=== INFORMATION PROVIDED ===

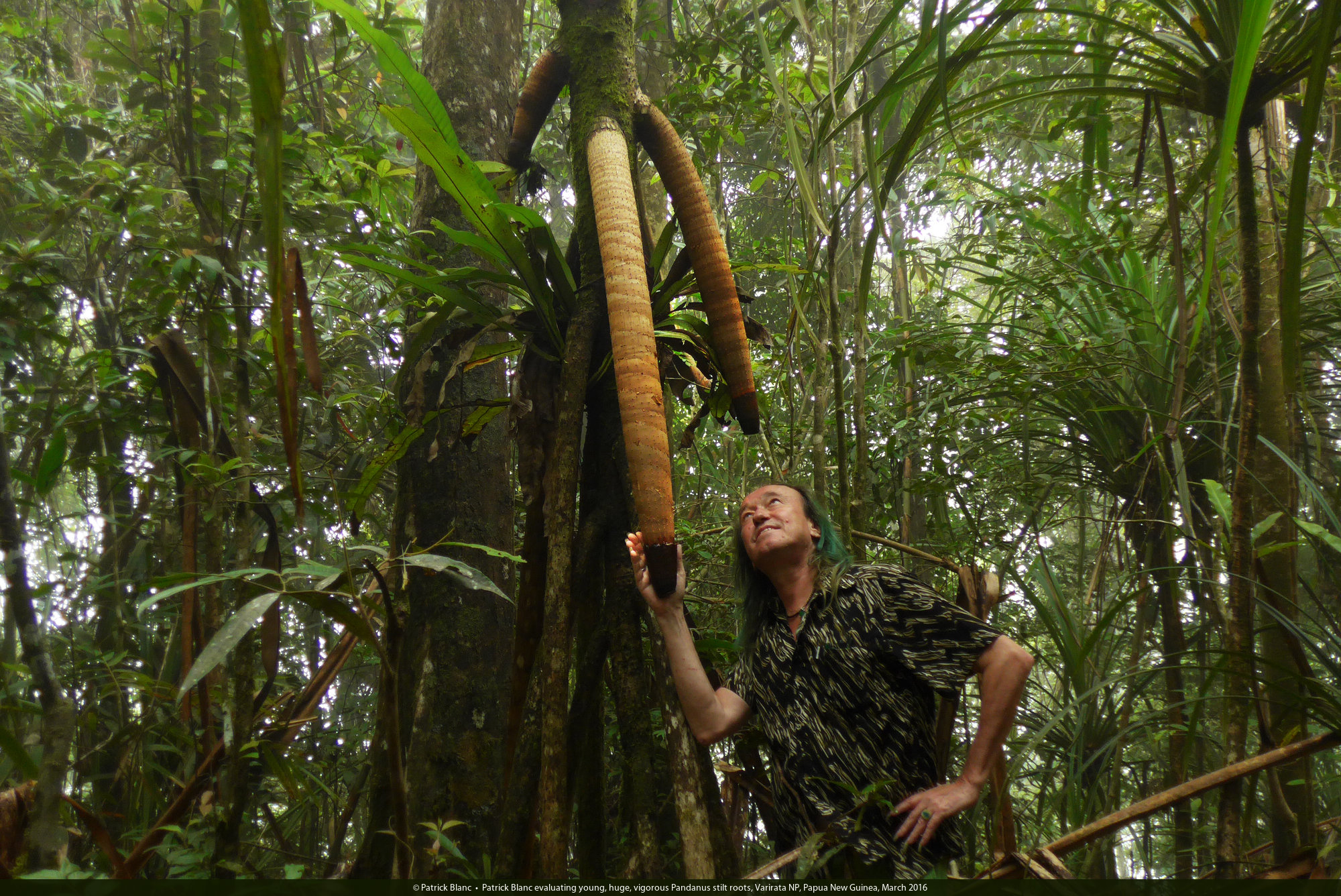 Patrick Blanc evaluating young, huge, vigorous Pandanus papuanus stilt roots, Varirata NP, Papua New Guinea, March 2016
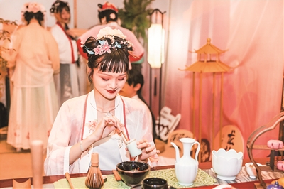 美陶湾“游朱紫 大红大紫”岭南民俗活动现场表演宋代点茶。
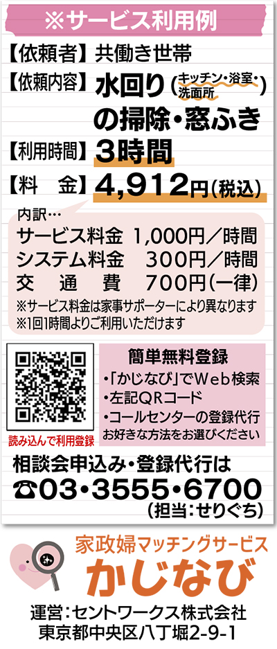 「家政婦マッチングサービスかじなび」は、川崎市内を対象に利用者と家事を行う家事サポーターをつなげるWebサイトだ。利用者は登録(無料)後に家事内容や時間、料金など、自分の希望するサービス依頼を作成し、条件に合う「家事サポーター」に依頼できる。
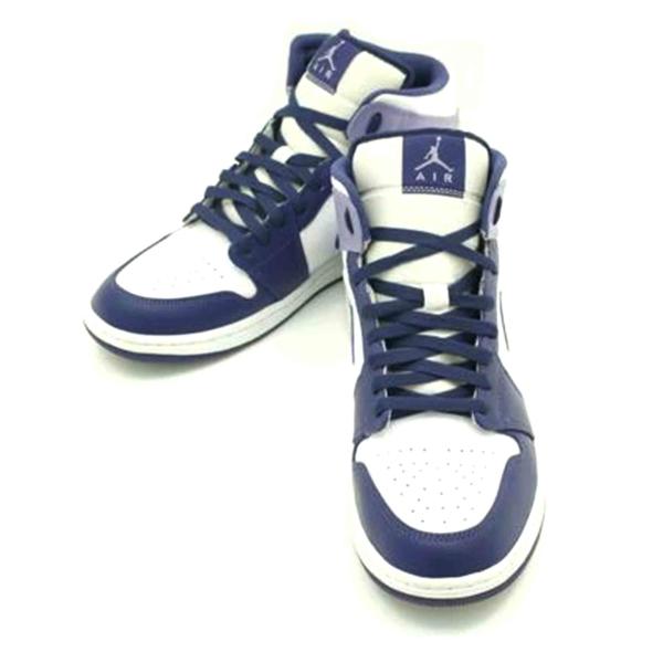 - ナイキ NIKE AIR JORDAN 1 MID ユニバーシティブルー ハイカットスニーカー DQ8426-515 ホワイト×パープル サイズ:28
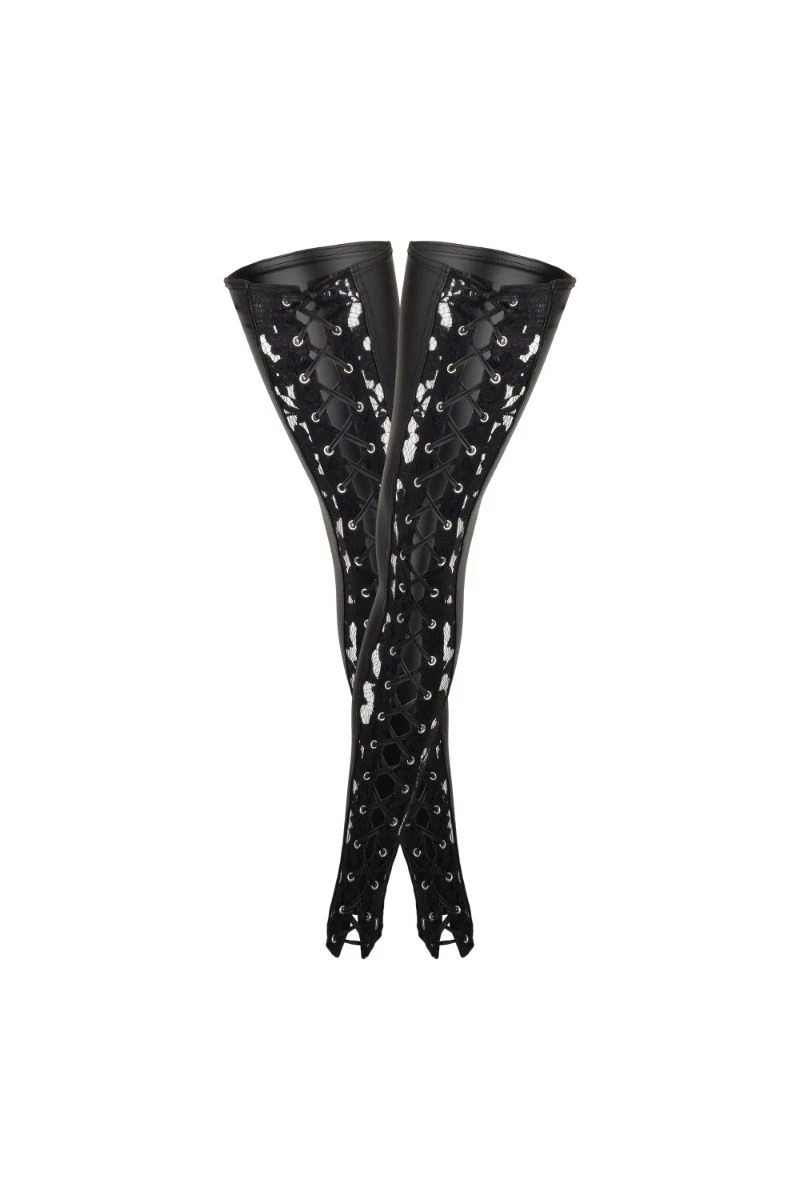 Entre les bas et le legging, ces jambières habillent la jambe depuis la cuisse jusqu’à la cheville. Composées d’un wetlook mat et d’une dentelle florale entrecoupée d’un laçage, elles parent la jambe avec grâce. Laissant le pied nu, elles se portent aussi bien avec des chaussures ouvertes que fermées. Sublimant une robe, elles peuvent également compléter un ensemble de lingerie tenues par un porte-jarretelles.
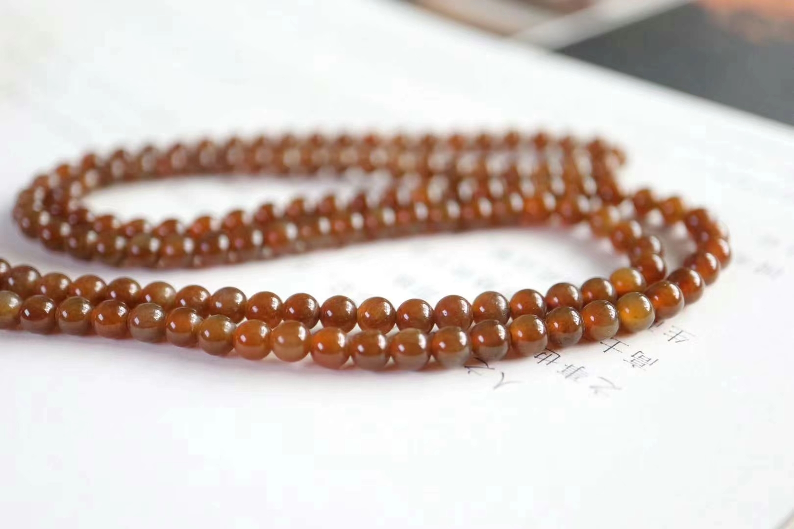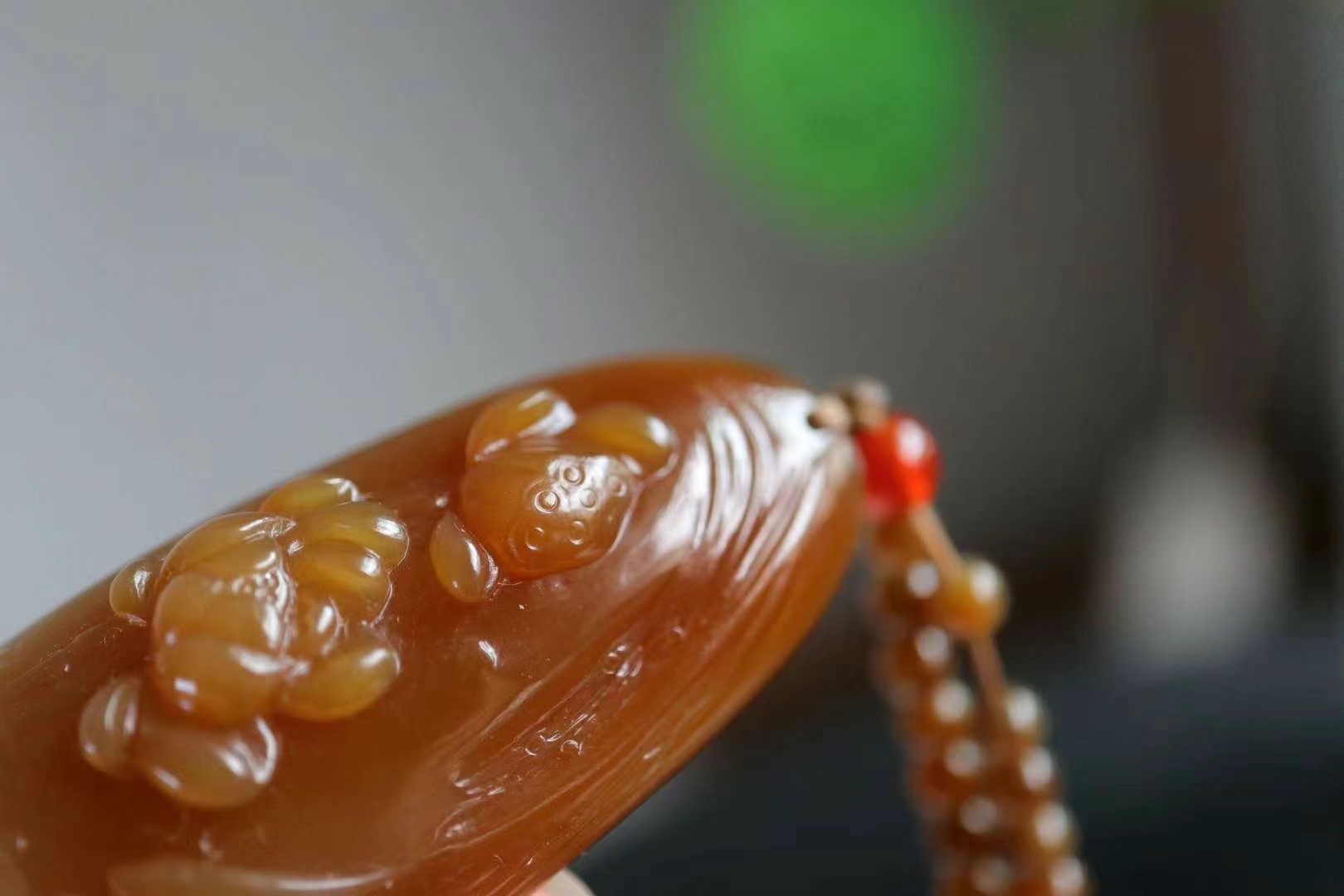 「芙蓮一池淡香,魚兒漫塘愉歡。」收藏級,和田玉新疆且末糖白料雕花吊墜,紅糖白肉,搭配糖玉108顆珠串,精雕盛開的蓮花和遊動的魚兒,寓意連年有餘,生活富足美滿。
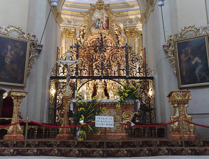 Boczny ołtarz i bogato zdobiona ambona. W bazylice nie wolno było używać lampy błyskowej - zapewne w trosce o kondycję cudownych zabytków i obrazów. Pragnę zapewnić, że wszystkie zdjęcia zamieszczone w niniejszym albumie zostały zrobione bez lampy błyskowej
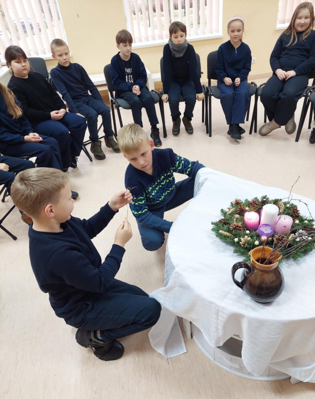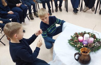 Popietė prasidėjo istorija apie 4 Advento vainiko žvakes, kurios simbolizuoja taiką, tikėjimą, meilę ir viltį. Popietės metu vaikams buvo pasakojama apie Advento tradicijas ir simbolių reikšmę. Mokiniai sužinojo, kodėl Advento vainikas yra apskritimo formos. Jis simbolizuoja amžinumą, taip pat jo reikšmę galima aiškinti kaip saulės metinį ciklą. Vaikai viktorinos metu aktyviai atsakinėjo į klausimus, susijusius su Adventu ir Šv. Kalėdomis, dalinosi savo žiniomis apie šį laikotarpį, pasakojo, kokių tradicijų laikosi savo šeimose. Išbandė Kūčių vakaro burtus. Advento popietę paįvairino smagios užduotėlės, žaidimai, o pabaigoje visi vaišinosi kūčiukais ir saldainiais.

===

* PROBLEM
What is needed is an exact copy of all the data, with no images in it.

* EXERCISE SOLUTION
 Patrick Blanc evaluating young, huge, vigorous Pandanus papuanus stilt roots, Varirata NP, Papua New Guinea, March 2016
 美陶湾“游朱紫 大红大紫”岭南民俗活动现场表演宋代点茶。
 「家政婦マッチングサービスかじなび」は、川崎市内を対象に利用者と家事を行う家事サポーターをつなげるWebサイトだ。利用者は登録(無料)後に家事内容や時間、料金など、自分の希望するサービス依頼を作成し、条件に合う「家事サポーター」に依頼できる。
 - ナイキ NIKE AIR JORDAN 1 MID ユニバーシティブルー ハイカットスニーカー DQ8426-515 ホワイト×パープル サイズ:28
 Entre les bas et le legging, ces jambières habillent la jambe depuis la cuisse jusqu’à la cheville. Composées d’un wetlook mat et d’une dentelle florale entrecoupée d’un laçage, elles parent la jambe avec grâce. Laissant le pied nu, elles se portent aussi bien avec des chaussures ouvertes que fermées. Sublimant une robe, elles peuvent également compléter un ensemble de lingerie tenues par un porte-jarretelles.
 「芙蓮一池淡香,魚兒漫塘愉歡。」收藏級,和田玉新疆且末糖白料雕花吊墜,紅糖白肉,搭配糖玉108顆珠串,精雕盛開的蓮花和遊動的魚兒,寓意連年有餘,生活富足美滿。
 Boczny ołtarz i bogato zdobiona ambona. W bazylice nie wolno było używać lampy błyskowej - zapewne w trosce o kondycję cudownych zabytków i obrazów. Pragnę zapewnić, że wszystkie zdjęcia zamieszczone w niniejszym albumie zostały zrobione bez lampy błyskowej
 Popietė prasidėjo istorija apie 4 Advento vainiko žvakes, kurios simbolizuoja taiką, tikėjimą, meilę ir viltį. Popietės metu vaikams buvo pasakojama apie Advento tradicijas ir simbolių reikšmę. Mokiniai sužinojo, kodėl Advento vainikas yra apskritimo formos. Jis simbolizuoja amžinumą, taip pat jo reikšmę galima aiškinti kaip saulės metinį ciklą. Vaikai viktorinos metu aktyviai atsakinėjo į klausimus, susijusius su Adventu ir Šv. Kalėdomis, dalinosi savo žiniomis apie šį laikotarpį, pasakojo, kokių tradicijų laikosi savo šeimose. Išbandė Kūčių vakaro burtus. Advento popietę paįvairino smagios užduotėlės, žaidimai, o pabaigoje visi vaišinosi kūčiukais ir saldainiais.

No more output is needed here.